Genetic Characterization of Trichoderma spp. Isolated from Different Locations of Menoufia, Egypt and Assessment of their Antagonistic Ability
Conference Paper
Full-text available
  • Jul 2019
Trichoderma has been used as a biocontrol agent against soil borne diseases that cause economic losses for crops. The objectives of the present investigation were (i) to isolate and characterize Trichoderma spp. from Menoufia Governorate and (ii) to evaluate the isolated Trichoderma spp. as potential biocontrol agents against some soil borne diseases. Soil samples were collected from nine districts and 25 isolates were obtained. Methods of identification of macroscopic and microscopic features, and the sequences of ITS and TEF1-α yielded three species; T. harzianum, T. longibrachiatum and T. asperellum. Phylogenetic tree of the identified 22 strains confirmed that the two strains T. longibrachiatum and T. asperellum came together in the same branch while the rest of the strains which were T. harzianum were on the other side of the tree. All 25 Trichoderma strains and isolates exhibited inhibition to the mycelial growth of four pathogenens.
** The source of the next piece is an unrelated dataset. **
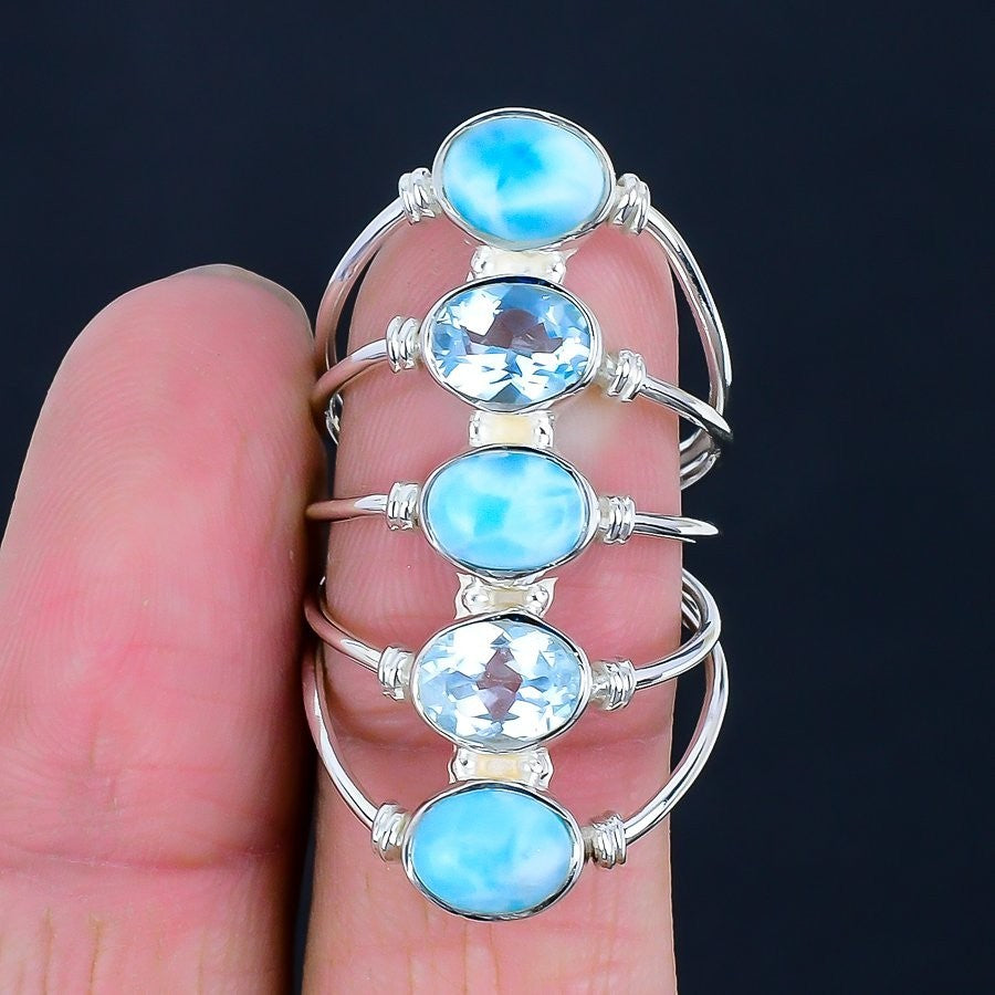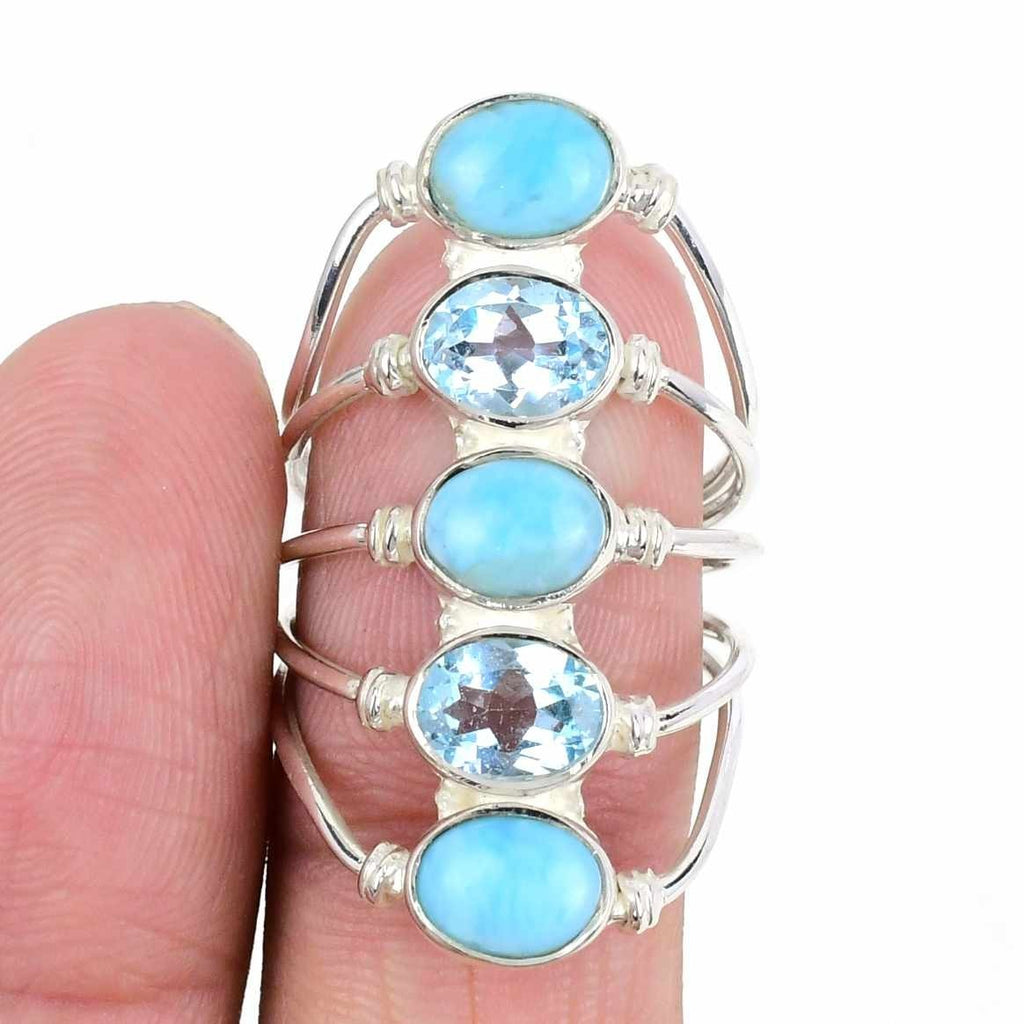 Larimar & blue topaz Gemstone Solid Silver Wedding Artisan Cluster Ring Size 8.5

They were antagonized by competition mechanism against Sclerotium spp., by antibiosis against Fusarium oxysporum and partially against Sclerotium spp. and by mycoparasitism against Rhizoctonia solani and Alternaria alternata. Also, they elucidated differences in total chitinolytic activity measured by two different methods and exochitonolytic activity. Finally, no correlation was found between total chitinolytic activities and total protein contents.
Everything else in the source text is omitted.